Hi everyone! 2 years ago Logvinov_Leon asked about way to get the suffix array from suffix automata. Oddly enough, he had not received answer. However, as you may have noticed, I'm interested in the topic of transformations of some string structures to others, so I decided to shed some light on how this is done.

So, you will notice that suffix automaton — essentially a suffix tree with a few other compression principle. While in compressed tree we just squeeze the edges, when we construct the suffix automaton we getting something like two-way trie. We are compressing not only common prefixes, but also common suffixes. From this we can draw the following interesting conclusion: if we will traverse through automaton with dfs, ignoring the used-array, we will get the same thing as when traversing suffix tree.
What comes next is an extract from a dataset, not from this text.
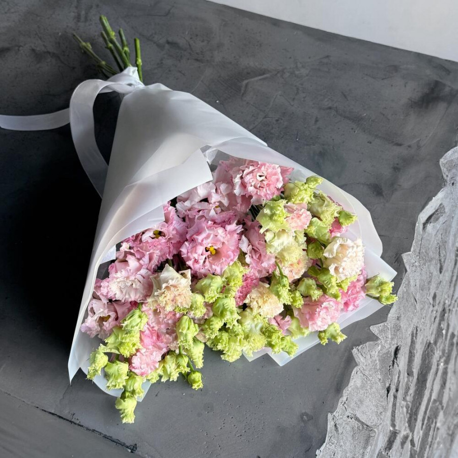 Букет из белой эустомы и розовых гвоздик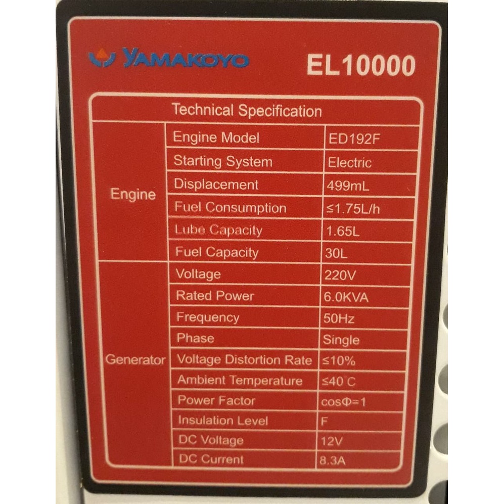 Yamakoyo Silent Diesel Generator type EL 10000 ( Genset 6000Watt )

Now remember that the suffix array from suffix tree obtained by the usual DFS — we just write down the suffixes in the order in which we encounter them in the trie. Thus, we already have an algorithm for constructing suffix array from automata for *O*(*n*^{2}).

But, of course, it does not suit us and we want to go further. If we want to have linear time, we can't ignore the used-array. Easy to see that even so, starting in depth tour we will meet a few (at least one) suffixes before the first stop in the visited state. Now our task when we visit the state is to quickly get all the suffixes that are hidden behind it, without traversing all the ways from this state again. I suggest the following solution: let each state in the machine to keep indices of the first and last encountered after it suffixes in suffix array. Then, when we came in the used state, we will add to the array all the suffixes in which we would have got from it, taking into account the already traversed length. Obviously, this solution will work for the *O*(*n*), since we totally add exactly n suffixes, and all the rest of the time we just dfs through the suffix automaton.

P.S. my implementation of the algorithm.

P.P.S. I can't say for sure, but it seems that in practice, this algorithm is not applicable due to the very large constants.